(MENAFN- Gulf Times) The
US is planning to announce a new peace plan for the Middle East,
particularly between Israelis and Palestinians, early next year, Acting
Assistant Secretary for the Bureau of Near Eastern Affairs David
Satterfield has said.
'We hope to move forward with that (peace)
initiative at a point in the new year. I underscore that as to the
details of the plan, that will await its roll out, we are not prepared
to announce those details at this time, he said. The US government
official was speaking in a telephonic press briefing yesterday on US
President Donald Trump's recent announcement, recognising Jerusalem as
the capital of Israel.
Satterfield pointed out that part of the
peace plan was to help create a process where the region, Israelis and
Palestinians in specific, can look to a better future not arced by
conflict, isolation and exclusion, but instead 'working with shared
hopes and objectives against common problems.
Satterfield said the
president tried to clarify that this was 'a recognition of a simple
reality and not a resolution of a negotiating process.
Quoting from
the US president's announcement, he said: 'Jerusalem, without a specific
definition of boundaries, or geographic borders, is the capital of the
state of Israel; there must be final status negotiations between Israel
and the Palestinians, direct negotiations, to resolve all of those
specific aspects , all of the questions which have been raised over the
course of the last years.
The Trump administration, he said, is
committed to moving forward on a peace process, which it hopes offers
the region (Middle East) a chance to move from the decades (or years) of
conflicts in the past to a better future to realise the aspirations of
both Israelis and Palestinians.
'The reality is this, I think it is
well understood by all parties, that the only path forward to peace in
the Middle East, the peace between Israelis and the Palestinians, is
direct negotiations between these two parties under the supervision and
with assistance of the US, Satterfield stressed.
According to him,
the president and the secretary of state, along with other senior US
foreign officials, have discussed last week about US' role in advancing
Middle East peace.
Trump has abruptly reversed decades of US policy
recently and recognised Jerusalem as the capital of Israel, generating
worldwide outrage, particularly from Palestinians and Muslim countries.
Satterfield
said the Trump administration is hoping that the leaders of the Arab
world, and world leaders in general, understand what the president
uttered, stressing that 'the words were very carefully chosen.
'Our
hope always is that dialogue, exchange, inclusion not rejection, not
exclusion, not isolation or the past taken by all in this process, he
said.
Satterfield reiterated 'the president is committed with his
peace team to doing everything in our power to move forward at a time in
the new year a peace process, a peace initiative which can move the
region forward.
'We hope that the actions for words used by leaders
now and in the days ahead support that initiative and not make it more
complex, more difficult, he added.
Asked if it is possible for Trump
to reverse his decision, Satterfield said: 'The answer is No.
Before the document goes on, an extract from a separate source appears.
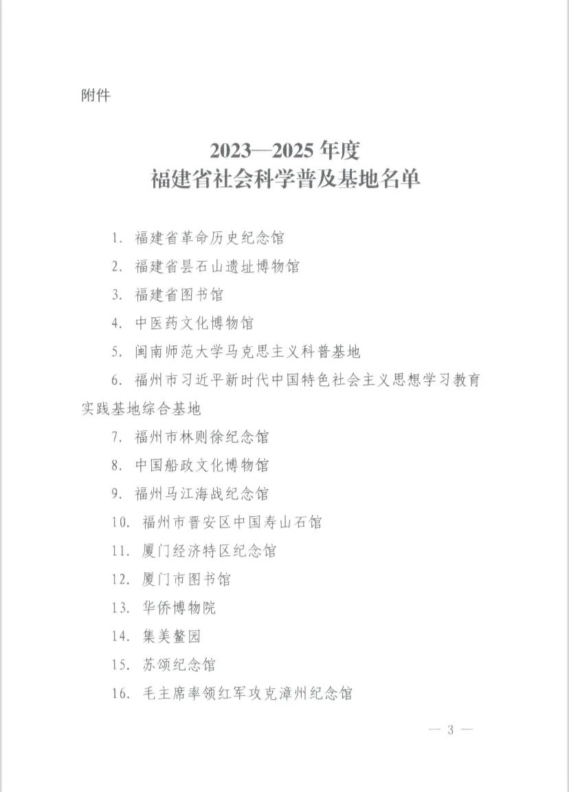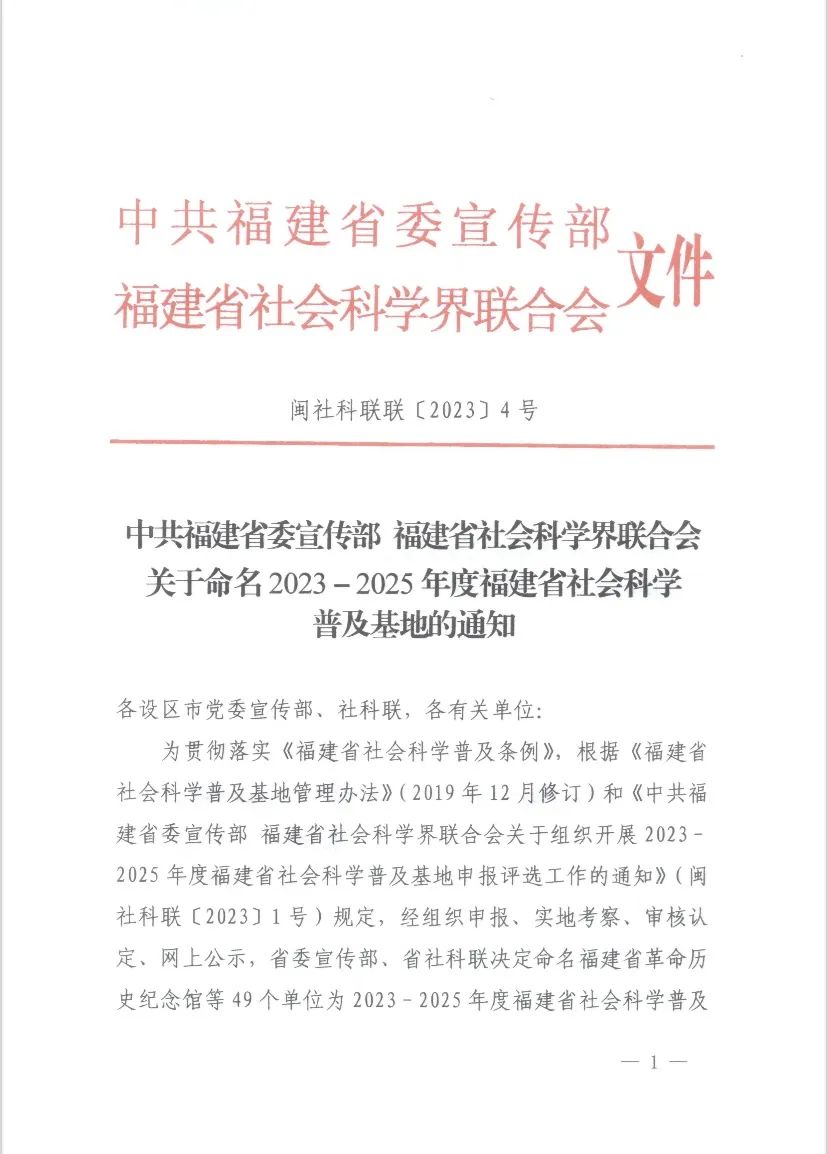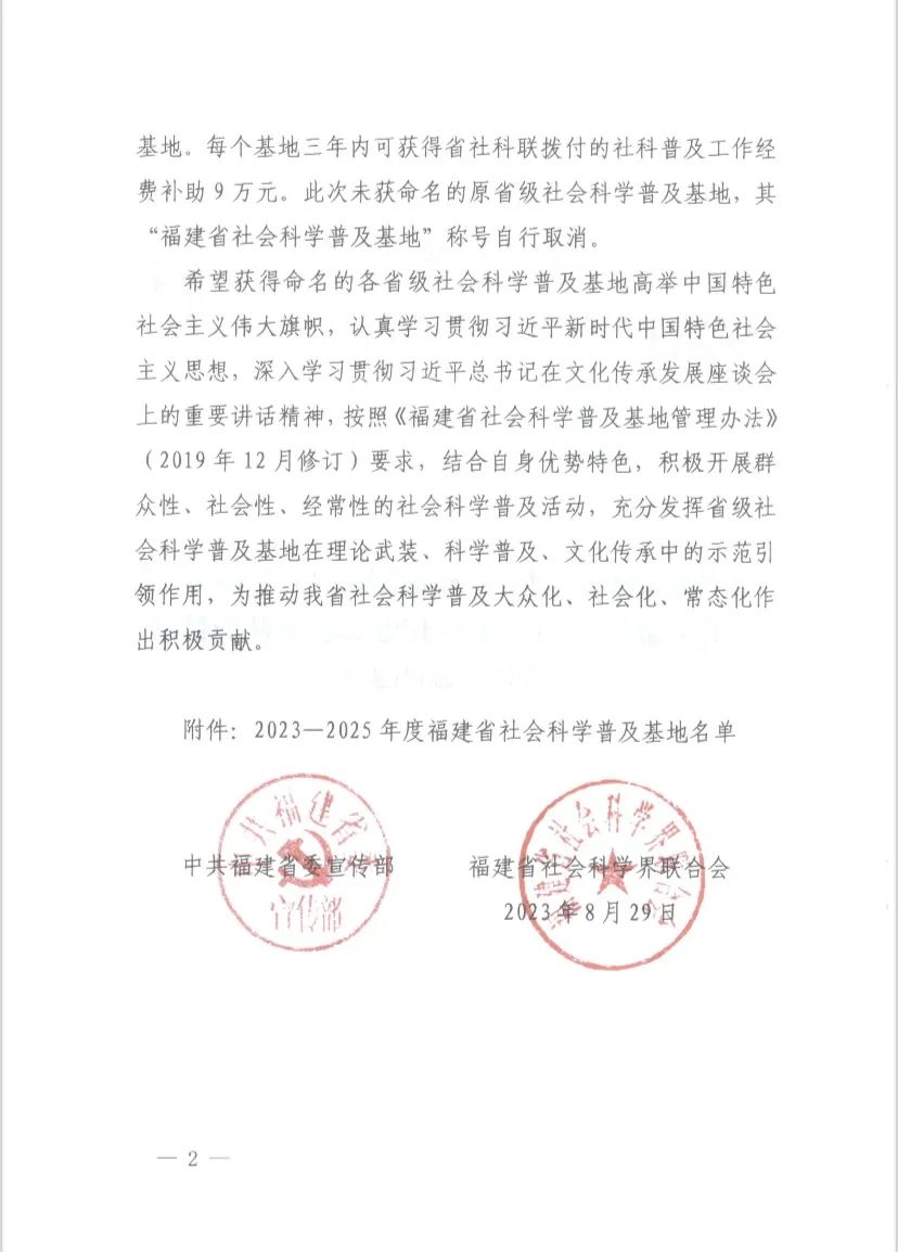 根据省委宣传部、省社科联文件《中共福建省委宣传部 福建省社会科学界联合会关于命名2023-2025年度福建省社会科学普及基地的通知》,省委宣传部、省社科联决定命名木兰溪治理展示馆等49个单位为2023-2025年度福建省社会科学普及基地。

The
president's decision stands, it is what the president believes was the
right step at the right moment, it is a US policy. I don't have any
comments on calls for reversal, except to say that is obviously
something we won't be doing.
Satterfield noted that the president has been studying this issue since he took office.
He
also confirmed that the President has instructed the secretary of state
to begin the planning for the move of the US embassy from Tel Aviv to
Jerusalem. But he said any such move would take years to materialise.